The present disclosure provides for dry backside and bevel edge cleaning without striking a plasma. Dry backside and bevel edge clean utilizes etch gas confined to specific regions of the substrate to remove material (e.g., EUV resist material) from the backside and bevel edge of the substrate. The dry backside and bevel edge clean exposes the substrate to an elevated temperature to promote non-selective removal of the material at the backside and bevel edge.
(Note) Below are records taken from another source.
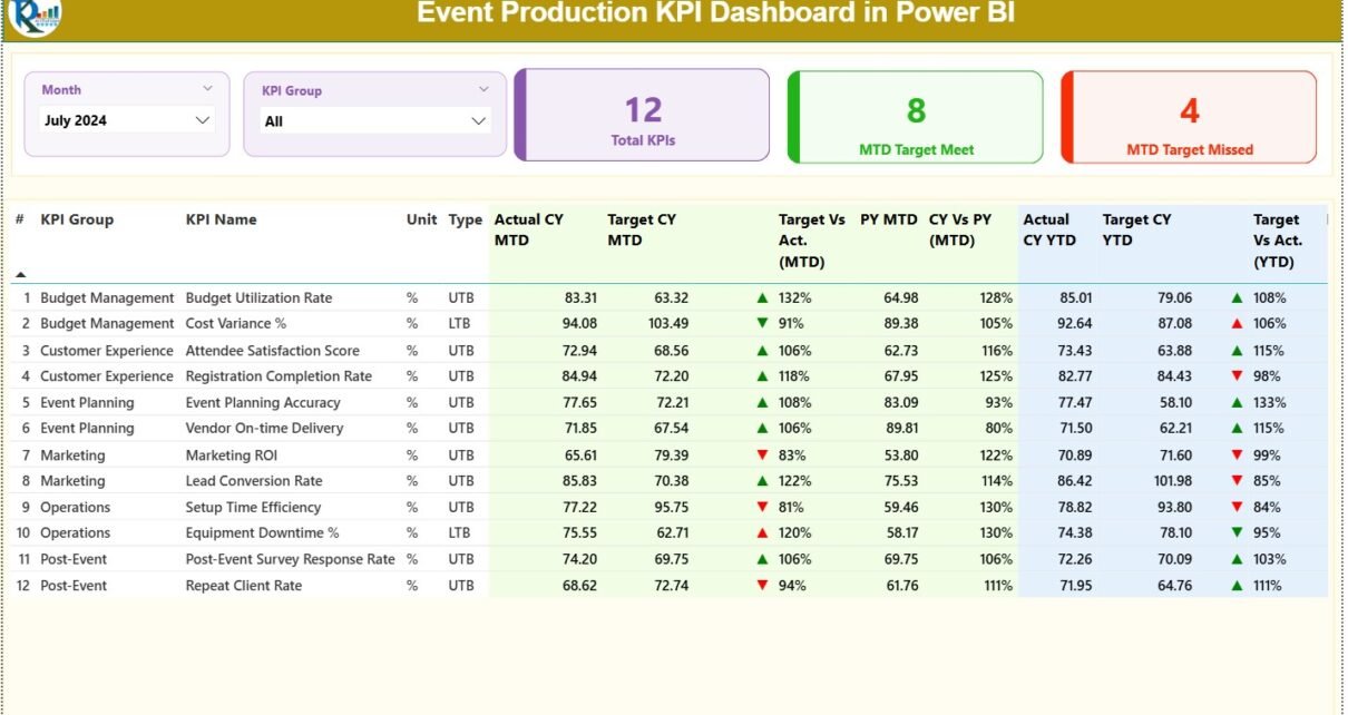 An Event Production KPI Dashboard in Power BI gives you complete control over event operations. It brings all KPIs into one interactive platform and helps you make faster and more accurate decisions. With simple slicers, arrows, MTD–YTD indicators, and trend charts, this dashboard becomes the backbone of your event production planning. When you update the Excel file regularly, you receive instant insights that support better event management, resource planning, and performance improvement. As a result, your events run smoother, faster, and with fewer errors.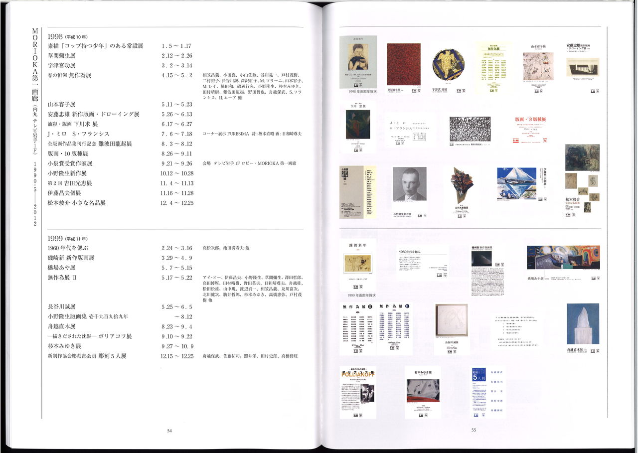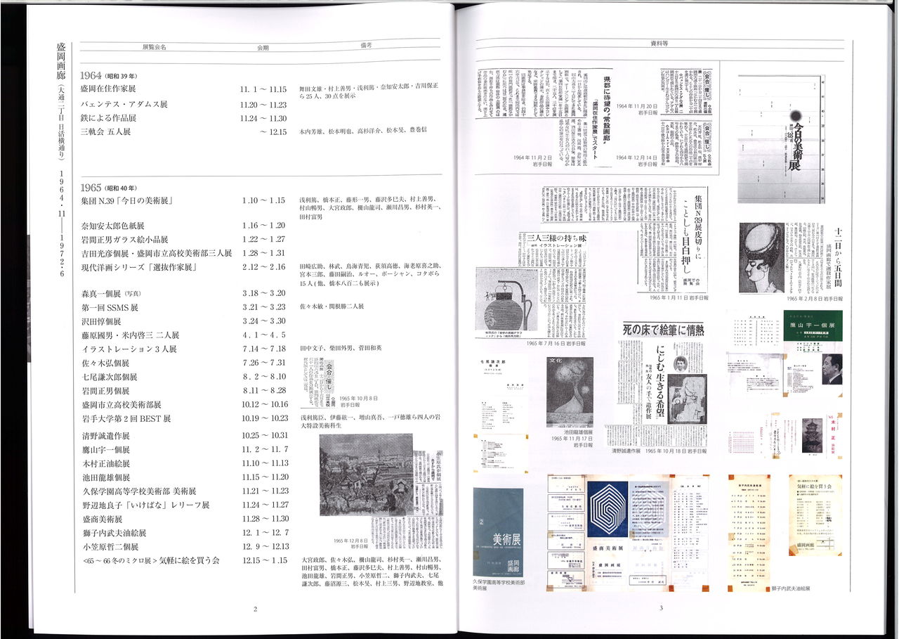 1964年(昭和39)11月「盛岡在住作家展(舞田文雄・村上善男・浅利篤・奈知安太郎・吉田保正ら25人展)」から、2017年7月「宇田義久展」まで、同画廊で開催された展覧会の全記録が収録されています。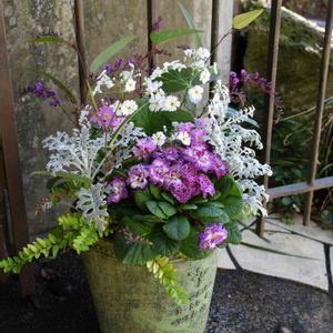 ローダンセマムとプリムラの寄せ植え ローダンセマム、プリムラ、ティアレア、シルバーレース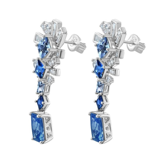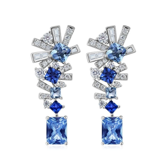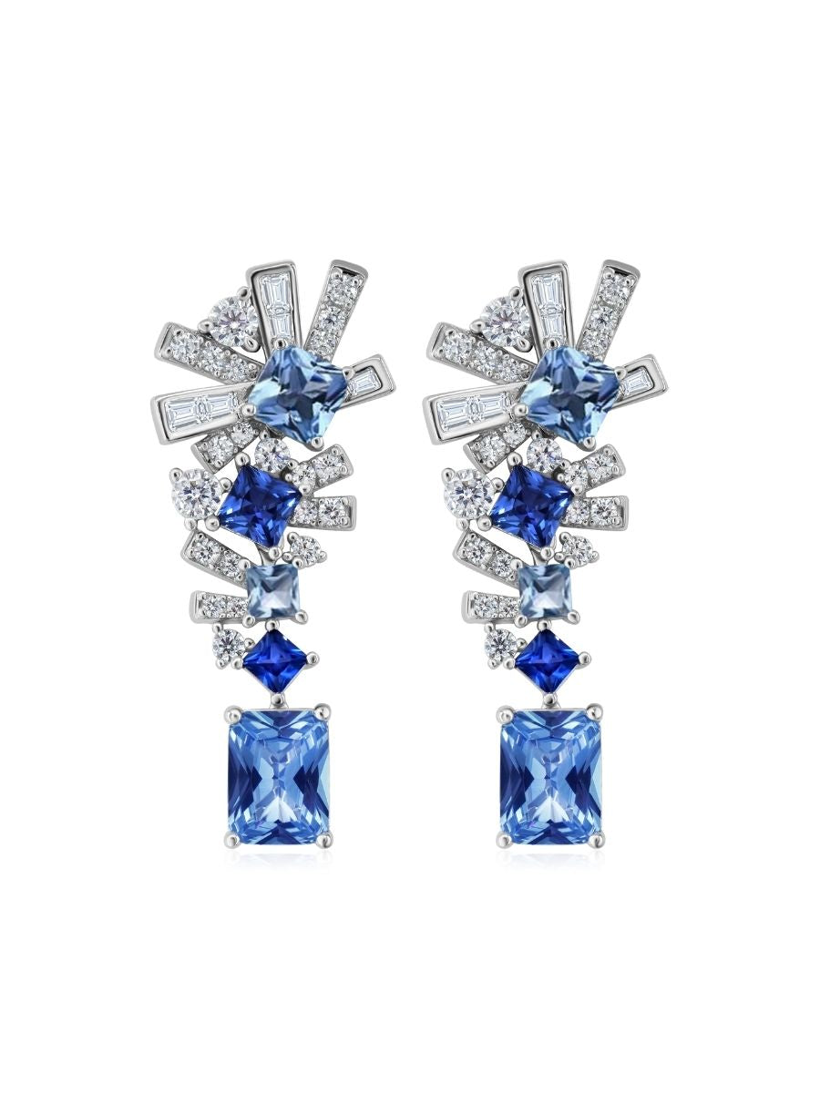 Elaborados en plata ley 925 con baño de oro blanco de 18 kt, presentan un fascinante juego de contrastes de piedras preciosas entre el profundo resplandor del zafiro y la intensidad de la espinela, creando un brillo que cobra vida con cada movimiento. A su alrededor, delicadas zirconias 5A, la más alta calidad en su tipo, añaden luminosidad y profundidad a la composición, reflejando la magia de una noche estrellada.
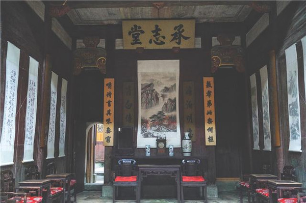 承志堂建于清末咸丰五年(1855年),是大盐商汪定贵的住宅村中最大的建筑群,占地约2100平方米,内部有房屋60余间,围绕着九个天井分别布置。正厅和后厅均为三间回廊式建筑,两侧是家书厅和鱼塘厅,后院是一座花园。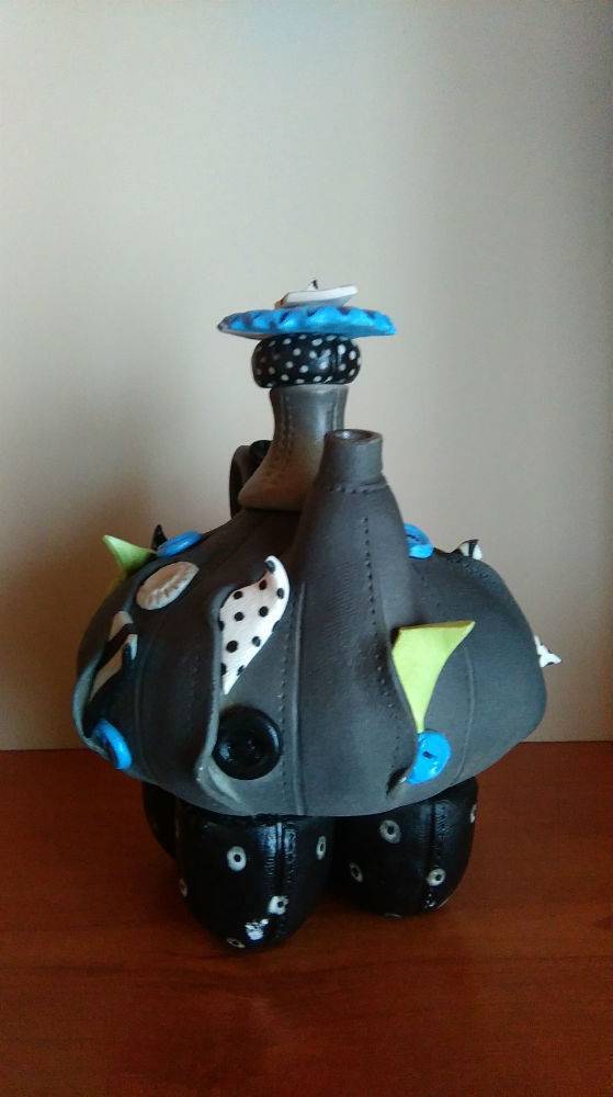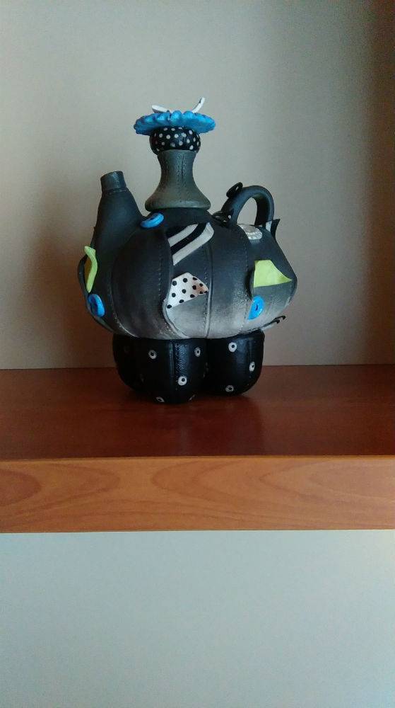 En porcelaine et en pâte polymère, corps de la théière à décor de morceaux de tissus et de boutons très colorés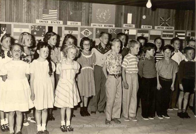 A black and white photographs shows 19 children of the Stinson Beach School elementary class in a group photo for their graduation. They are posed in front of a display of the flags of the United Nations. Most of the boys are wearing sneakers, tucked in jersey shirts and pants except for one wearing a Western shirt and one boy in short pants. From left to right in the back row is Marla Schlinger with a ribbon in her dark hair, then 3 unidentified girls, a blond and 2 brunettes, Jeanne Bartlett with glasses and wearing a polkadot, puffed sleeve dress, Todd Bartlett with the Western shirt, Dick Curr half hidden behind boy in striped shirt,, Aden Jakes, an unidentied boy in a striped shirt, Gary Upton and one more unidentified boy in the rear. The front row has a girl with ribboned braids in her hair, then Sue McCleran with long dark hair, Diane Smith, a curly haired blond. These girls have similar dresses with short sleeves and above the knees in length. The last five boys in the front row begin with Dick Davidson, Bill Steele, Mike McCleran and Tom Curr (in short pants).Collection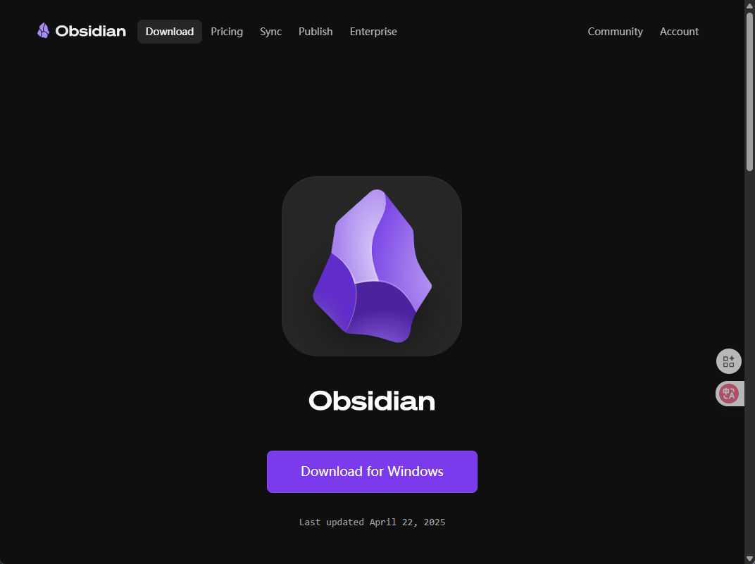 Obsidian 支持 Windows、macOS 和 Linux 主流操作系统。网站会自动检测你的操作系统,并推荐相应的下载版本。点击下载按钮,获取最新版的安装程序。

FIGS. 3A-3C show cross-sectional schematic illustrations of various processing stages of dry backside and bevel edge clean of photoresist material according to some embodiments. Deposition of photoresist material (e.g., EUV resist material) may be performed using wet or dry deposition techniques. Wet deposition techniques include spin-coating. Dry deposition techniques include chemical vapor deposition (CVD) or atomic layer deposition (ALD).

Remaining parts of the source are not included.